Last weekend at a swim meet, two couples sitting behind us in the stands talked without interruption for long stretches of time, broken only when they got up out of their seats to go out. They’d sit back down and the torrent would resume. It’s not what they were talking about, but that they seemed incapable of keeping their mouths shut. There was no silence one of them would not fill, and then the others would lend their voices, most often at the same time. I know well enough that some people are “verbal thinkers,” more gregarious than me, and everyone certainly isn’t a poet, but these parents seemed incapable of not expressing anything and everything that occurred to them. The meaning of the words themselves was overcome by the sheer number of them. It was hard not to turn and plead Just… shut… UP!
The other common verbal phenomenon which accomplishes the same thing—eclipsing a sentence’s meaning—is substituting “um” and “like” and “y’know” liberally in place of actual vocabulary. It’s not just my kids and their peers who do this, it’s adults and colleagues and news reporters. I work with international students who know English as a second language, and they’re among the worst offenders I’ve encountered, learning the language from, um, y’know, teachers who talk like that.
In both cases, to use the old analogy, the hearer (inadvertent or not) loses the sentence’s forest of meaning in the speaker’s trees of too many words. There is more noise and less impact in the hearer’s ear. Aside from annoying, that’s too bad, too, because our language, and through it, the quality of the connection we make with others, is amplified by verbal economy: placing the right word in the right place (and not ten times in a row), using pause or silence to reinforce a point, arranging words to produce clarity the first time through. A “turn of phrase” is just that—using words in a way that catches the ear and makes the point in way that’s appealing, clever, efficient, maybe even beautiful.
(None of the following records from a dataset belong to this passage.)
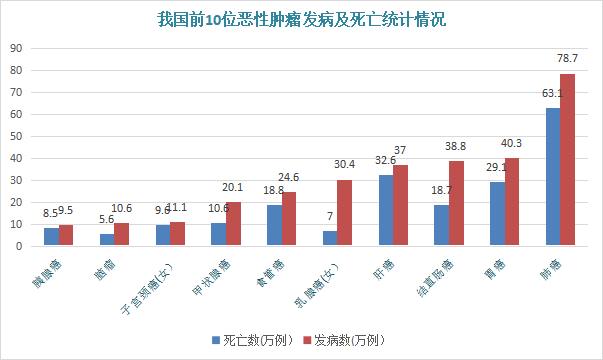 以下为我国前10位恶性肿瘤发病及死亡统计图:
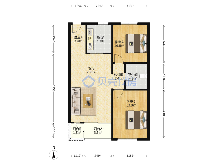 青岛二手房 > 崂山区 > 海尔东城国际北区(辽阳东路海尔路劲松七路劲松八路)93.03平中楼层210万南北南厅套二双厅
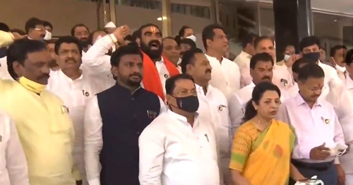 State NCP president and Water Resources Minister Jayant Patil claimed the MVA legislators shouted slogans hailing Shivaji Maharaj, while the opposition Bharatiya Janata Party raised "low level" slogans, which the governor could not tolerate and left without waiting for the national anthem.
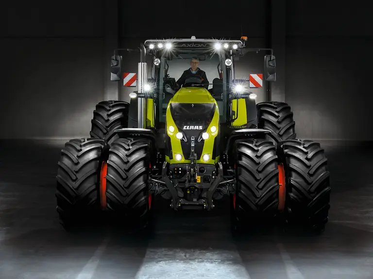 The rear tires on AXION 800 tractors can be up to 2.05 m in diameter. Tires up to 1.60 m diameter are used on the front axle. The numerous tire options make the AXION capable of any type of work. Even with the biggest tires (900/60 R 38), the tractor has an external width of less than 3.0 m, making it flexible on the road and gentle on the field.
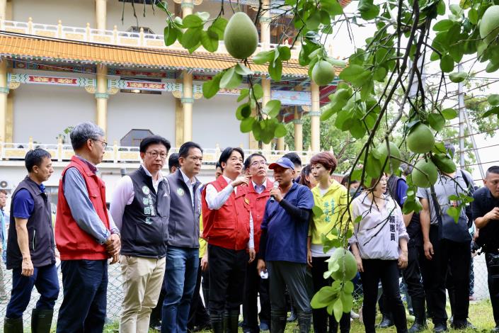 【記者陳怡如/台南】丹娜絲颱風挾帶強風侵襲台南,造成農漁業災損嚴重。賴清德總統今(8)特別南下視察,由台南市長黃偉哲全程陪同前往麻豆、北門等地勘災,瞭解果園受損情形與蘆竹溝漁港一帶漁船受損狀況。農業部長陳駿季、經濟部長郭智輝、漁業署署長王茂城、農糧署副署長陳啓榮、立法委員林俊憲、郭國文、陳亭妃、賴惠員、市議員謝舒凡也到場表達關切。
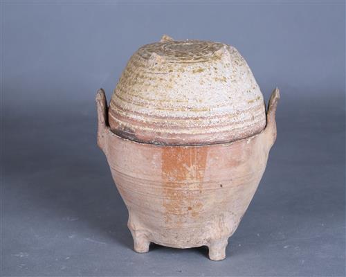 汉青釉双耳三足带盖鼎
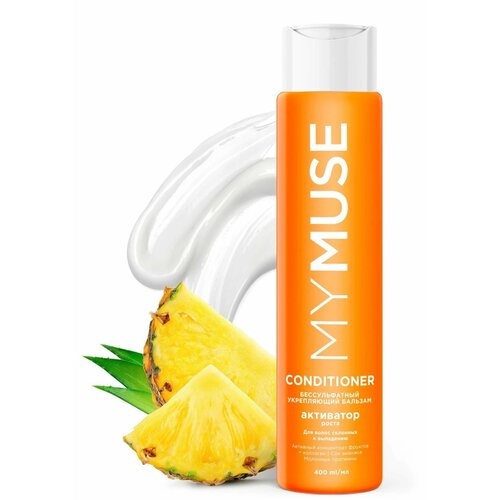 Укрепляющий бальзам активатор роста 400 мл MY MUSE. Укрепляющий бальзам Активатор роста. Для волос склонных к выпадению, содержитактивный концентрат фруктов и коллаген. Ананас содержит большое количество витамина C, мощный антиоксидант, который борется со свободными радикалами и останавливает выпадение волос, а так же питательные вещества иминералы, обеспечивающие усиление питания волосяных фолликулов и их укрепление и здоровому росту волос. Молочные протеины эффективно питают волосы, а также способствуют их росту и регенерации. Коллаген препятствует появлению ломкости и выпадению волос, стимулирует рост и поддерживает здоровье волосяных луковиц, обеспечивая активное питание и восстановление.
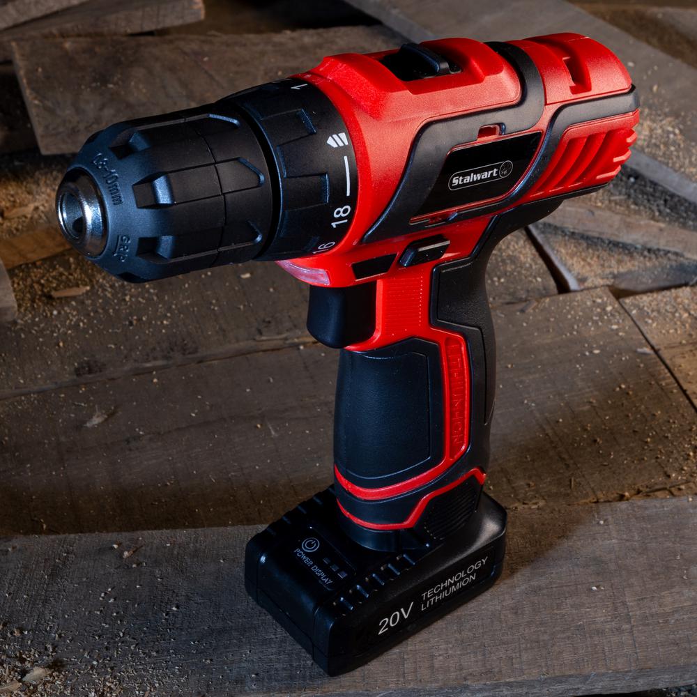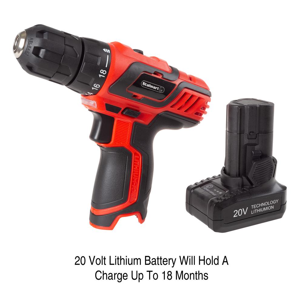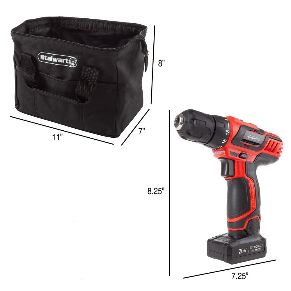 Never be left without the proper tool for the job with the 20-Volt Lithium Cordless Drill and 122-piece Accessory Set by Stalwart. The accessory set has everything from screwdriver bits to wood and metal drill bits. The drill itself is powered by a 20-Volt lithium ion battery that gives a longer use time and holds a charge better than nickel-cadmium batteries. The handle is ergonomic and comes with a rubberized coating to enhance comfort and reduce user fatigue. The drill has a 3/8 in. keyless chuck for fast, convenient bit installation and removal and 18 plus 1 torque settings for precision drilling and driving in any material. The entire kit comes in a 600D Oxford cloth carrying bag to keep the accessories organized and make the kit ideal for travel. The bag has an extra wide opening to provide easy access to your drill and accessories. The built-in LED light indicates whether the battery needs to be charged or is ready to use.
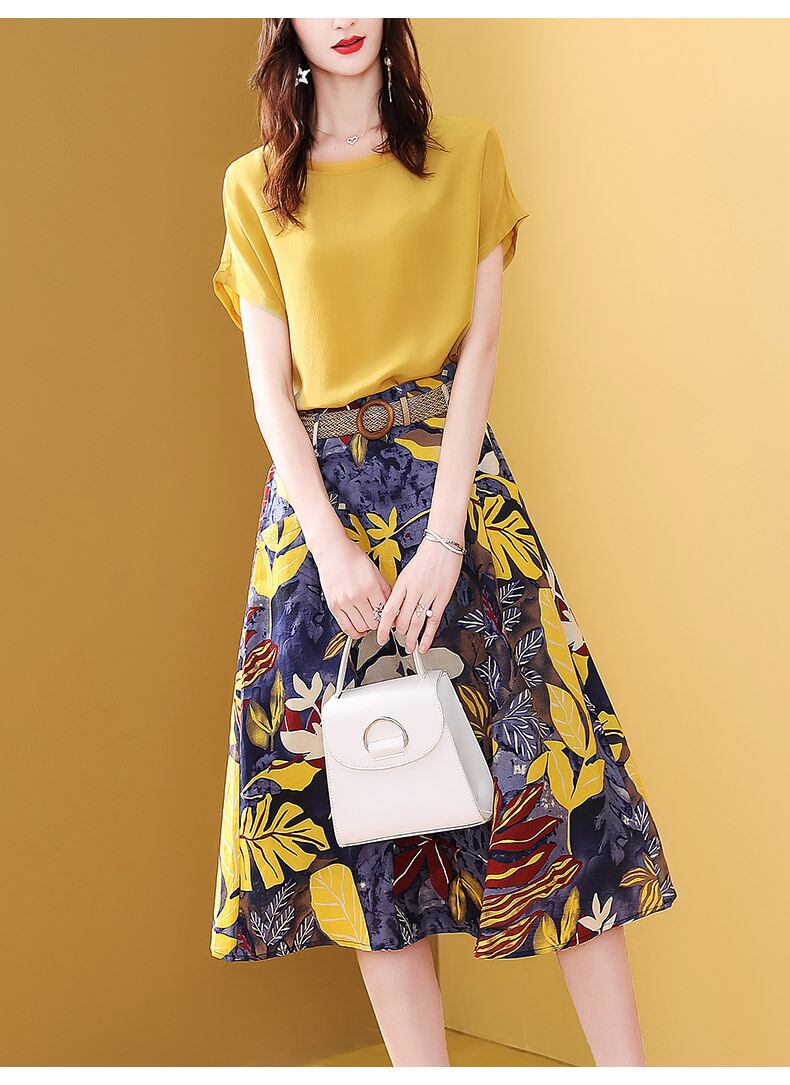 ツーピース トップス スカート Tシャツ 膝下 ミモレ ミモレ丈 袖あり 半袖 フレンチスリーブ Uネック ラウンドネック フレア Aライン ベルト シルク 絹 上下セット 2点セット お得 かわいい 大人可愛い きれいめ シンプル 大人 上品 おしゃれ お洒落 かっこいい レトロ 大人女子 こなれ感 ラフ ラブリー キュート 個性的 クール シック 華やか フェミニン 無地 リーフ柄 ボタニカル プリント レディース 女性用 着回し 普段使い 重ね着 S M L XL 青 ブルー 黄色 イエロー
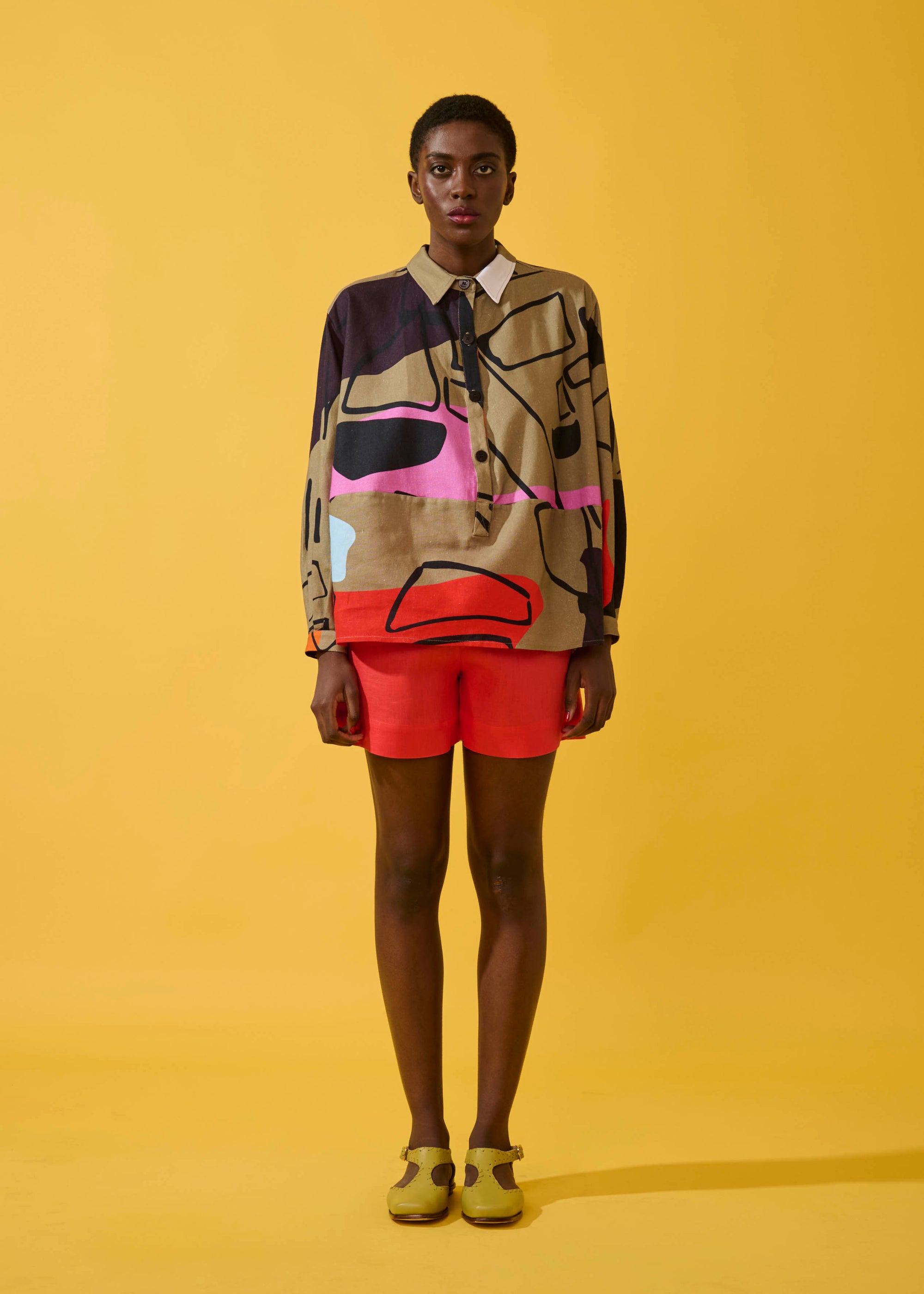 Camisa Manga Curta Linho Estampado

In In Cold Blood, Truman Capote described the locals’ reaction to the quadruple murder in their small town as “amazement, shading into dismay; a shallow horror sensation that cold springs of personal fear swiftly deepened.” A lovely turn of phrase; one knows exactly how they were feeling. This week, a caller into the leading afternoon sports talk show in Boston said that the train from Foxboro after a New England Patriot’s game is “a combination of a drunk tank and the New Delhi local.” Get the picture? I laughed out loud.
It’s not about keeping thoughts and feelings to oneself, or playing into the stereotype of the taciturn, often repressed New Englander—or whatever your local version is—it’s about allowing the language at hand to do what it does best: express complexity of concept and feeling with chosen words rather than all those that tumble and trip out, signifying nothing.